Реалистическая драма — драма в стиле реализма — в узком смысле этого слова (промежуточный жанр, граничащий и с трагедией и с комедией, в котором конфликт обычно не доводится до трагического конца), как следствие общего для реализма «снижения» стиля и ускорения темпа жизни.

Существенной чертой реализма является его актуальность, интерес к современности, больше — к злободневности. Но чтобы быть убедительным в изображении современности, надо быть правдивым и точным. Стремление к точности становится настолько определяющим для реалистов, что поскольку эти художники и обращаются к прошлому, они остаются столь же щепетильными к фактам, как при изображении типов и событий современной им жизни.

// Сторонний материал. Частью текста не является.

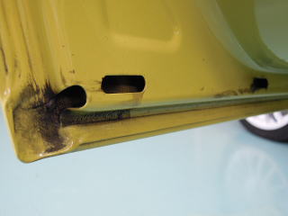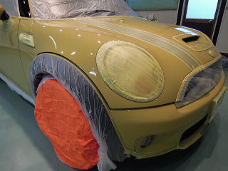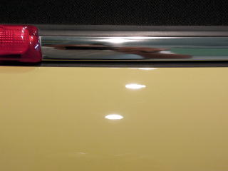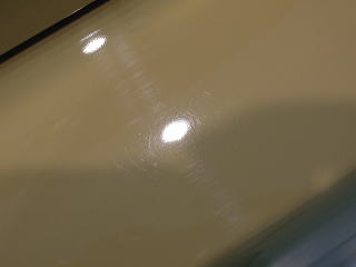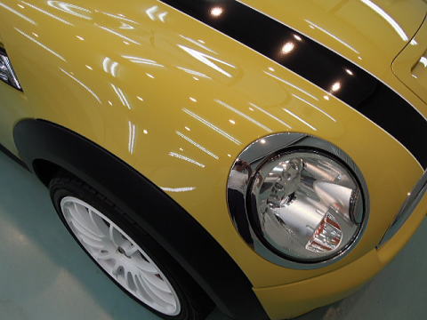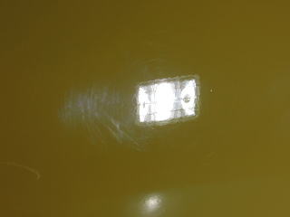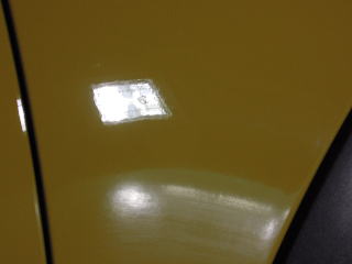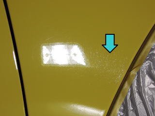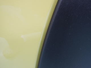 ![]() 先ずは洗車し、ドア内側の油汚れなどを手作業で徹底的にきれいにしてからマスキングを行います 塗装の状態は、黄色の塗装では目立ちにくいのですが よく観察すると軽度の洗車傷に細かなシャンプー染みが全体に見受けられます |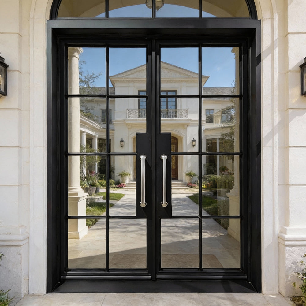 French iron door, Wrought iron entry door, Square top iron door, Iron door with kickplate, Custom iron front door, French style wrought iron door with square top, Decorative iron door for main entrance, Powder-coated wrought iron door Canada, Luxury iron door with double glass, Customizable wrought iron door with kickplate, Galvanized steel entry door, Ornamental iron door design, Pre-hung iron door with frame, Energy-efficient iron door, Exterior iron door with scrollwork.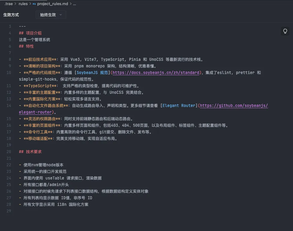 以后端项目为例,我会拆分为「数据库设计要求」「项目开发规范」等独立模块,且不同模块采用差异化生效策略:比如项目开发规范设置为「始终生效」,确保全程代码风格、开发标准统一;数据库设计规则设置为「智能生效」,仅在涉及数据层开发时触发,提升AI响应效率。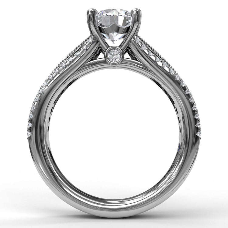 Three rows of diamonds of varying sizes in the channel of the band serve as the most brilliant of backdrops for the round center stone of this impressive engagement ring. Milgrain detailing adds an extra touch of sophistication and interest. This engagement ring can be special ordered in any finger size, in Platinum, 18KT & 14KT gold and can be customized for any shape and size centerstone.

Это стремление к точности соответствует не только требованиям художественной изобразительности, ориентирующейся на текущую жизнь. Оно соответствует всему миросозерцанию и мироощущению породившего реализм класса, живущего фактами, а не мечтами, создающего новую культуру — научную и техническую, культивирующего знание как силу для овладения жизнью.

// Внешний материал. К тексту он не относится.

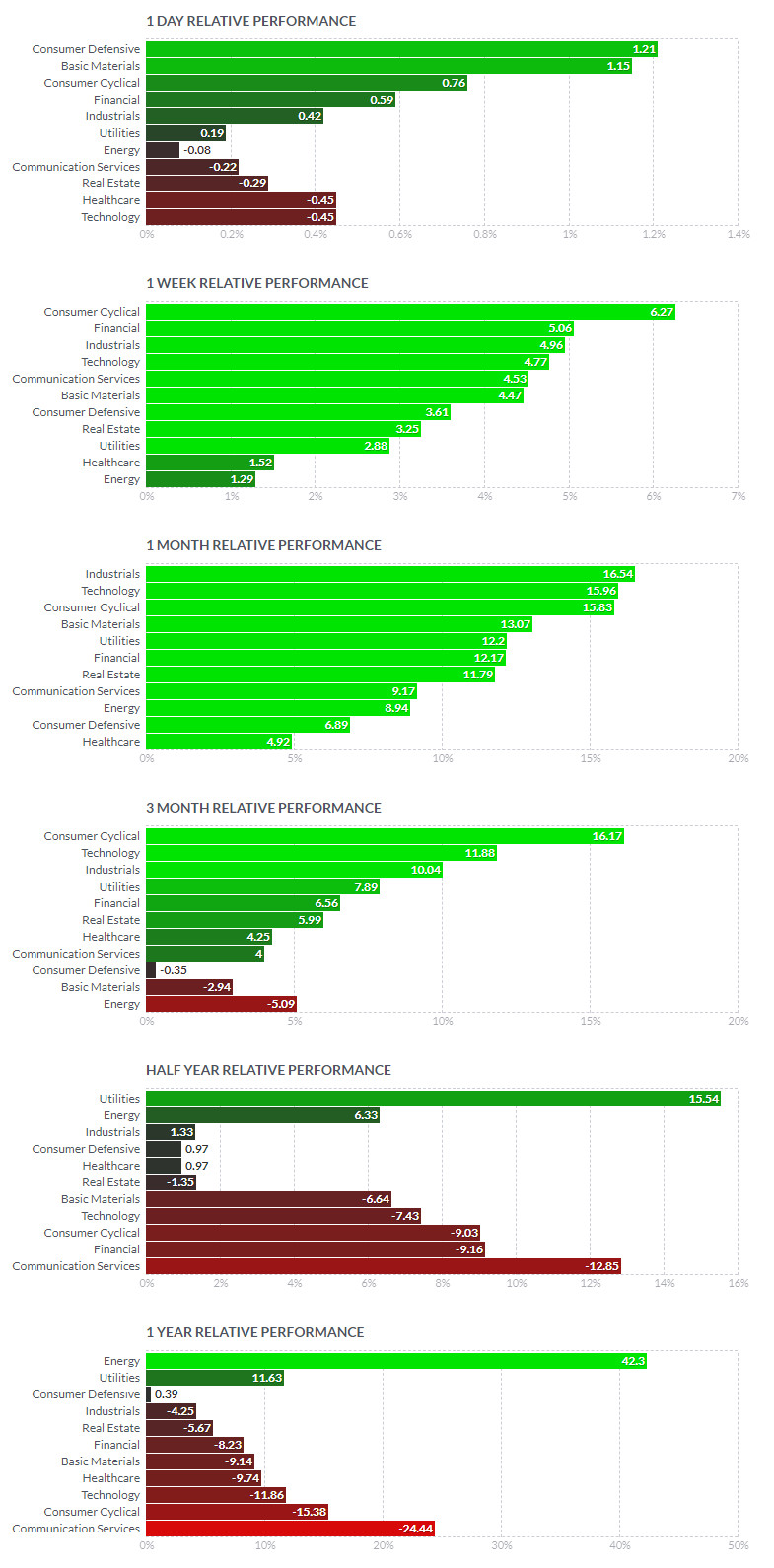 | IT | XLK | 151.1 | -0.3% | 햇빛 | 8.6% | 13.0% | -2.2% |

Деятели литературы заражаются этим новым научным духом. Реализм отрицает романтизм в искусстве, как позитивизм — метафизику в философии. Воображению противополагаются наблюдение и эксперимент, заимствованные из арсенала естественных наук. Искусство должно приблизиться к науке, стать таким же, как она, орудием познания действительности.

Таков в самых общих чертах реализм, противопоставленный романтизму. Но реализм существенно отличается не только от предшествовавшего ему стиля, но и от сменившего его направления. Реализм ещё не натурализм. От натурализма его отделяет весьма заметный элемент морализирования и публицистики. Натурализм хочет быть объективным и тем окончательно уподобиться точной науке. Он стремится устранить не только идеализацию действительности, но всякий критерий нравственного и общественного идеала из творчества художника, всякую оценку действительности. С другой стороны, реализм не сомневается в прочности и абсолютной незыблемости устоев существующего общества. Натурализм уже констатирует его нестойкость, намеренно воздерживаясь от оценки этого факта, хотя невольно и выражая то или иное отношение к нему.

Таковы отвлечённые признаки этого условного понятия «реализм», подвергающиеся в живой литературной практике видоизменению в зависимости от социально-исторических особенностей той или иной страны. Одни из этих черт сохраняются, другие отпадают или соединяются с иными чертами, не входящими в абстрактное понятие реализма, и т. д. Быстрая смена явлений жизни и следовательно «злобы дня», ответа на которую новая публика ждёт от писателя, особенно коснулась театра: формы его в период буржуазной драмы становятся достаточно подвижными и гибкими, чтобы отвечать более изменчивым запросам нового зрителя.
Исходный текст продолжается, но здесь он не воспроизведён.